Log Group           — usually one application / service
  └── Log Stream    — usually one process / container
        └── Log Event — one line

Item	Example
Log Group	`/aws/lambda/my-function`, `/ecs/my-service`, `/var/log/myapp`
Log Stream	Lambda execution-environment ID, ECS Task ID, EC2 instance ID
Log Event	One line of text + timestamp

Lambda / ECS Fargate sends logs to CloudWatch Logs automatically. EC2 needs the CloudWatch Agent or a sidecar agent (fluent-bit, etc.).

Retention — the most important setting #

Default retention is forever. Leave it alone and logs pile up indefinitely → cost runaway. Right after signup / for every new log group, set retention.

Item	Recommended retention
General application logs	30–90 days
Debug / development logs	7 days
Security / audit logs (CloudTrail)	1–7 years (cheaper to ship to S3)
Lambda logs	14–30 days

Set retention

aws logs put-retention-policy \
  --log-group-name /aws/lambda/my-function \
  --retention-in-days 30

Apply to every log group at once

aws logs describe-log-groups --query 'logGroups[].logGroupName' --output text \
  | tr '\t' '\n' \
  | while read name; do
      aws logs put-retention-policy --log-group-name "$name" --retention-in-days 30
    done

This one line cuts CloudWatch costs by more than half.
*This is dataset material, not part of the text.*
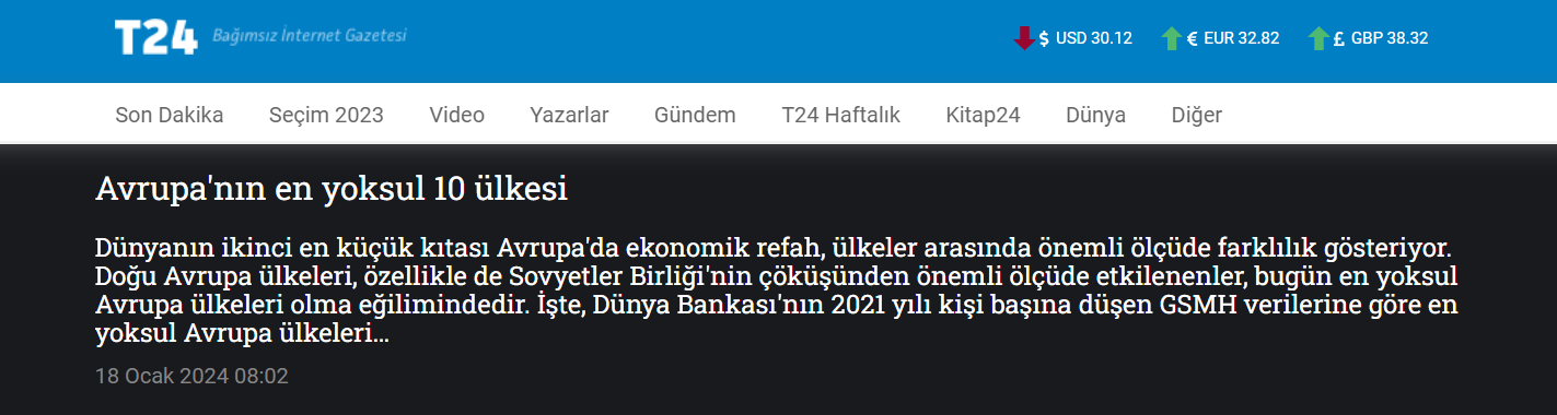 Her fırsatta Türkiye'yi "ekonomik kriz" çığırtkanlığıyla karalayan medya kuruluşlarından T24, "Avrupa'nın en yoksul 10 ülkesi" başlıklı haberinde Türkiye'nin adını bile anamadı.

Auto-applying retention to new log groups #

Two approaches.

Approach 1: EventBridge + Lambda — react to CreateLogGroup events and apply automatically (common in production).
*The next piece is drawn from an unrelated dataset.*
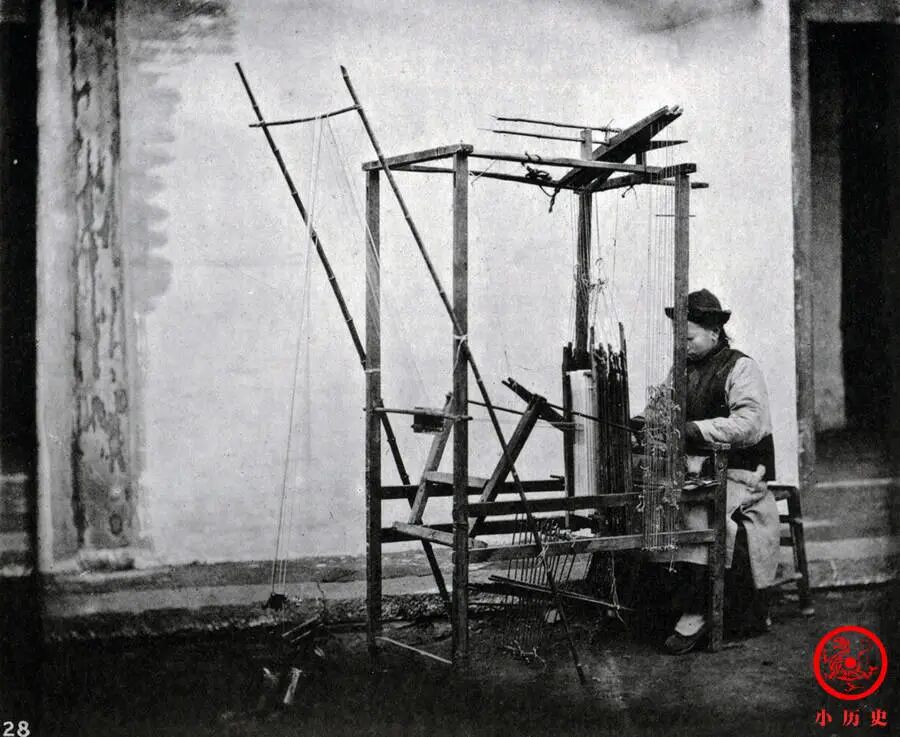 这种简陋的织布机是农业社会家庭手工业常用的设备,有着悠久的历史。晚清时期在大机器生产的冲击下,其日益显示出低效的一面。

Approach 2: Force via policy — deny creation if retention isn’t set explicitly (slightly heavy-handed).

Lambda log shipping #

Lambda — just print

import logging
logger = logging.getLogger()
logger.setLevel(logging.INFO)

def handler(event, context):
    logger.info("Received event: %s", event)
    return {"ok": True}

stdout / stderr flows automatically into CloudWatch Logs. The log group is named /aws/lambda/<function-name>.

EC2 / ECS — CloudWatch Agent #

EC2 isn’t automatic. Install the CloudWatch Agent.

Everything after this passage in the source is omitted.